This story is an old one, told in many ways, which all involve a little girl watching her mother prepare a fish for dinner. Her mother cut the head and tail off the fish and then placed it into a baking pan. The little girl asked her mother: “Why do you cut the head and tail off the fish?” Her mother thought for a while and then said, “I’ve always done it that way – that’s how grandma did it.”
Not satisfied with the answer, the little girl went to visit her grandma to find out why she cut the head and tail off the fish before baking it.
Grandma thought for a while and replied, “I don’t know. My mother always did it that way.”
So the little girl and the grandma went to visit great grandma to ask her if she knew the answer.
Great grandma thought for a while and said, “Because my baking pan was too small to fit in the whole fish.”
On first reading, this is a poignant tale about the need to challenge the way things “have always been done” and whether they are still serving. This applies at an organisational level, at a cultural level, at a behavioural level, right down to the level of mindset. The story also illustrates that everyone can be a leader, demonstrated through the leadership of the young child who leads by asking “Why?”
At a deeper level, the story points us to the need to access diversity in organisations. It is one thing to encourage and promote diversity, which occurs more and more, albeit at a surface level. Organisations may seek to attract and recruit a more diverse workforce: more women (or men), persons who identify as LGBTQ, persons who are not of the dominant racial, cultural or religious tradition(s) of a society, or persons with a visible or non-visible disability. But that’s not enough.
The shift from surface diversity to deeper diversity is one of leadership and inclusion. It has to be because diversity has little impact if it is not part of the organisational conversation.
- Can everyone contribute to the conversation?
- Can everyone influence the conversation?
- Do all have access to decision makers or an ability to influence decisions?
- At a simple level, can everyone influence the topics of conversation?
This is about allowing everyone in the organisation to formally participate in the life of the organisation.
There are a myriad of reasons why this is important, but an often overlooked one is the impact of inclusivity on innovation. Inclusivity makes a difference to what we know now and to what is possible next.
We believe that the future strength of a leader will not be measured by what they know but rather by who they know – those who are of the system and can reveal it’s patterns and behaviour.

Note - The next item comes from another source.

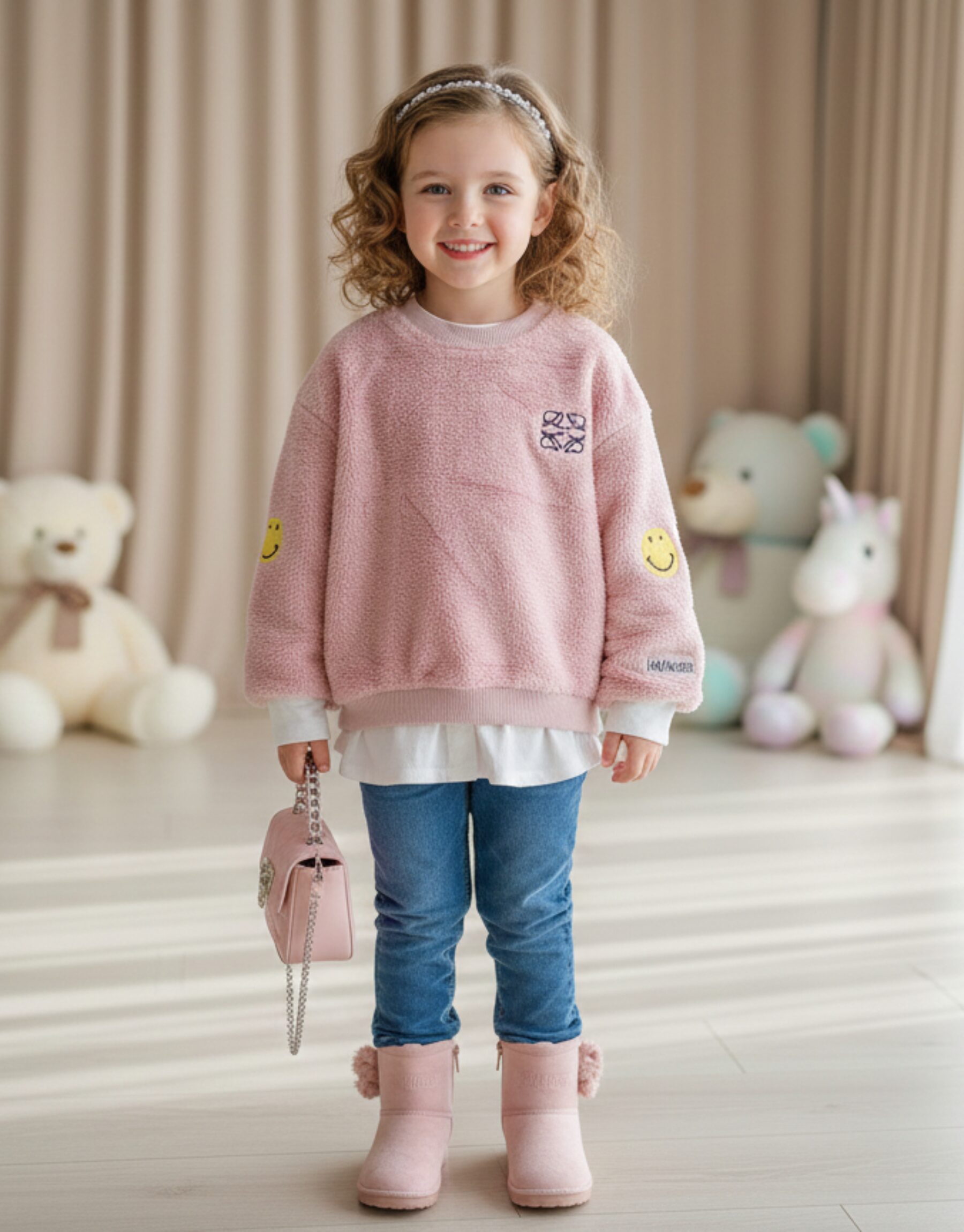 Luxury Kids Pink Teddy Fleece Jacket | Oversized Cozy Winter Coat for Girls
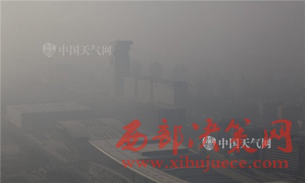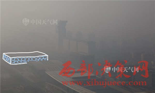 2016年12月19日早晨,北京持續(xù)空氣重污染。記者登上246.8米高的北京奧林匹克塔,鳥(niǎo)瞰北京城,發(fā)現(xiàn)咫尺之遙的鳥(niǎo)巢、水立方等奧運(yùn)場(chǎng)館和城市地標(biāo)建筑被霾“吞沒(méi)”,消失不見(jiàn)。圖為鳥(niǎo)巢。

Accessing diversity means that you can discover what is happening in the system and why it is happening. This was the gift of the little girl above.
But innovation comes not from just being aware of what is happening in the system. It comes from hearing and seeing and feeling what wants to emerge from the system. Not what is happening but what wants to happen. The system is not just the people in the organisation, particles if you will, but rather an entity which exists as a result of the people in the organisation and the relationships between all the people in the context in which it exists. How can you, as a leader, more fully be in relationship and aware of the system of which you are part? How can you as a fish become more aware not just of the water that you swim in, but aware of the water and the river you swim in: where it is coming from and where it is going.
The Presencing Institute offers some questions which open our hearts and minds to the possibilities that exist in all systems:
- What in your life and work is dying or ending, and what wants to be born?
- Where, right now, do you feel the opening to a future possibility?
- Watch the journey of your community/ organization/ collective movement from above. What are you trying to do in the present stage of your collective journey?
- Imagine you could fast-forward to the very last moments of life, when it is time for you to move on. Now look back on your life’s journey as a whole. What would you want to see at the moment? What footprint do you want to leave behind on this planet?
- From that future point of view, what advice would your future Self offer to your current self?
Our role as leaders is to connect to the deep diversity of our organisations, to be curious and to listen. The system holds the answer. Your job is to discover what the system has to say.